Studies on the interaction of barbiturates with reactive oxygen radicals: implications regarding barbiturate protection against cerebral ischaemia.

Abstract

Although the molecular basis of ischaemic damage of the brain is as yet unknown, it has been postulated that the uncontrolled production of reactive oxygenated species derived from molecular oxygen (including hydroxyl radicals, superoxide radicals and singlet oxygen) may play a major role in the production of such injury. The ability of various barbiturates to modify the nature and extent of membrane damage produced by various oxygen radicals generated under well-defined conditions in vitro has been directly examined using the human erythrocyte as model membrane system.

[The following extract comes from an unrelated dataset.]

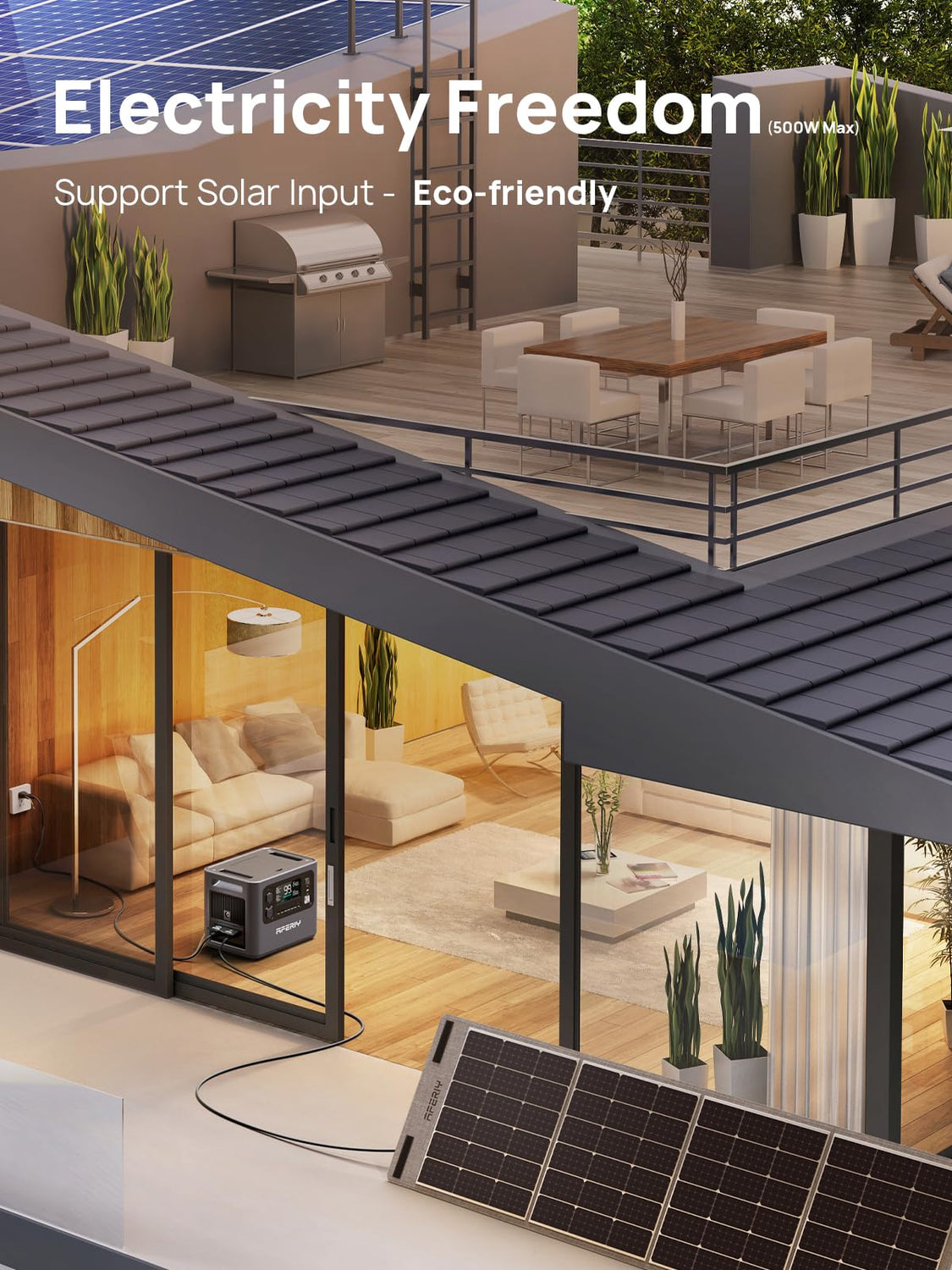 - 【 High Capacity & Reliable Sine Wave 】 AFERIY solar generator With a 2048Wh capacity and a powerful 2400W inverter(4000W Peak), can be used longer than traditional power banks and power most appliances. The pure sine wave two-way inverter delivers constant voltage while preventing device damage.
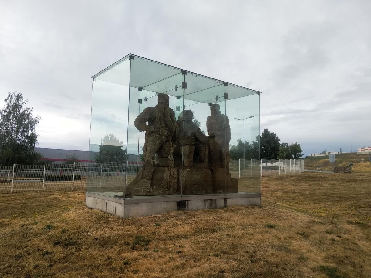 Rokycany Sousoší mužů, vyrobeno z povrchově upravené vlnité lepenky od francouzského výtvarníka J. Stolte. Sousoší je ve skleněném vzduchotěsném kvádru.

Our results indicate that barbiturates are unlikely to exert their protective effects by directly scavenging singlet oxygen, superoxide or hydroxyl radicals. The highly lipophilic barbiturate thiopentone is capable of decreasing the susceptibility of membranes to oxidative degradation by a direct membrane action, a property shared by amphipathic membrane stabilizers such as propranolol. The barbiturates were found to stabilize the haeme moiety of haemoglobin preventing its conversion to methaemoglobin in the presence of hydrogen peroxide. It is postulated that a major aspect of barbiturate action in decreasing ischaemic injury to the brain may involve the stabilization of haeme-coordinated iron complexes, thereby preventing the participation of these ubiquitous substances in initiating and potentiating free radical-mediated processes which have been implicated in the production of such injury.